Sinks Are Terminal Operations

StreamingDataFrame.sink() is special in that it's "terminal": no additional operations can be added to it once called (with branching, the branch becomes terminal).

This is to ensure no further mutations can be applied to the outbound data.

However, you can continue other operations with other branches, including using the same Sink to push another value (with another SDF.sink() call).

Learn more about branching here.

Branching after SDF.sink()

It is still possible to branch after using SDF.sink() assuming you do NOT reassign with it (it returns None):

sdf = app.dataframe(topic)
sdf = sdf.apply()

# Approach 1... Allows branching from `sdf`
sdf.sink()

# Approach 2...Disables branching from `sdf`
sdf = sdf.sink()

Suggested Use of SDF.sink()

If further operations are required (or you want to preserve various operations for other branches), it's recommended to use SDF.sink() as a standalone operation:

sdf = app.dataframe(topic)
# [other operations here...]
sdf = sdf.apply().apply()  # last transforms before a sink
sdf.sink(influx_sink)  # do sink as a standalone call, no reassignment
sdf = sdf.apply()  # continue different operations with another branch...

Supported Sinks

Currently, Quix Streams provides these sinks out of the box:

Apache Iceberg Sink - a sink to write data in Apache Iceberg format.
CSV Sink - a simple CSV sinks that writes data to a single CSV file.
InfluxDB 3 Sink - a sink to write data to InfluxDB 3.

It's also possible to implement your own custom sinks.
Please see the Creating a Custom Sink page on how to do that.

Performance Considerations

Since the implementation of BatchingSink accumulates data in-memory, it will increase memory usage.
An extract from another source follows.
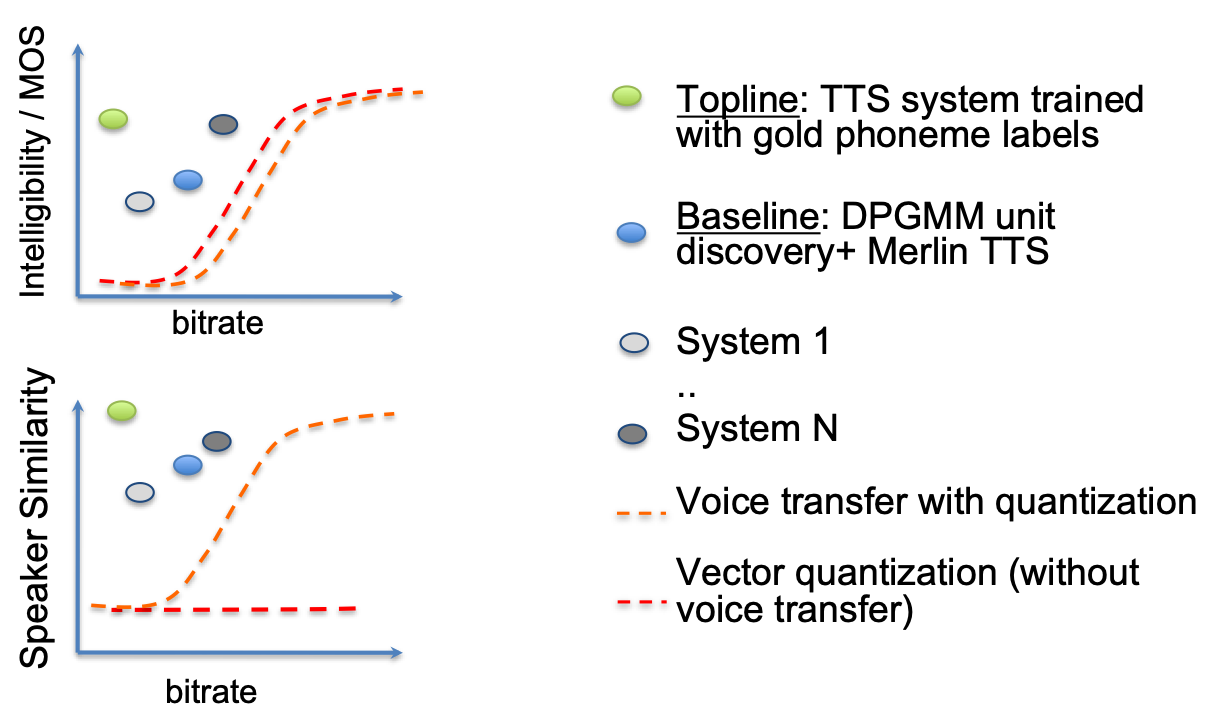 As with the other ZR challenges, the primary aim is to explore interesting new ideas and algorithms, not to simply push numbers at all costs. Our leaderboard will therefore reflect this fact, as TTS without T is first and foremost a problem of tradeoff between the bit rate of the acoustic units and the quality of the synthesis. At one extreme, a voice conversion algorithm would obtain excellent synthesis, but at a cost of a very high bit rate. At the other extreme, a heavily quantized intermediate representation could provide a very low bit rate, at a cost of a poor signal reconstruction. Therefore the systems will be put on a 2D graphs, with bit rate on the x axis, and synthesis quality on the y axis (see Figure 2).

If the batches become large enough, it can also put additional load on the destination and decrease the overall throughput.

To adjust the number of messages that are batched and written in one go, you may provide a commit_every parameter to the Application.
It will limit the amount of data processed and sinked during a single checkpoint.
Note that it only limits the amount of incoming messages, and not the number of records being written to sinks.

Example:

from quixstreams import Application
from quixstreams.sinks.core.influxdb3 import InfluxDB3Sink

# Commit the checkpoints after processing 1000 messages or after a 5 second interval has elapsed (whichever is sooner).
app = Application(
    broker_address="localhost:9092",
    commit_interval=5.0,
    commit_every=1000,
)
topic = app.topic('numbers-topic')
sdf = app.dataframe(topic)

# Create an InfluxDB sink that batches data between checkpoints.
influx_sink = InfluxDB3Sink(
    token="<influxdb-access-token>",
    host="<influxdb-host>",
    organization_id="<influxdb-org>",
    database="<influxdb-database>",
    measurement="numbers",
    fields_keys=["number"],
    tags_keys=["tag"]
)

# The sink will write to InfluxDB across all assigned partitions.
sdf.sink(influx_sink)

if __name__ == '__main__':
    app.run()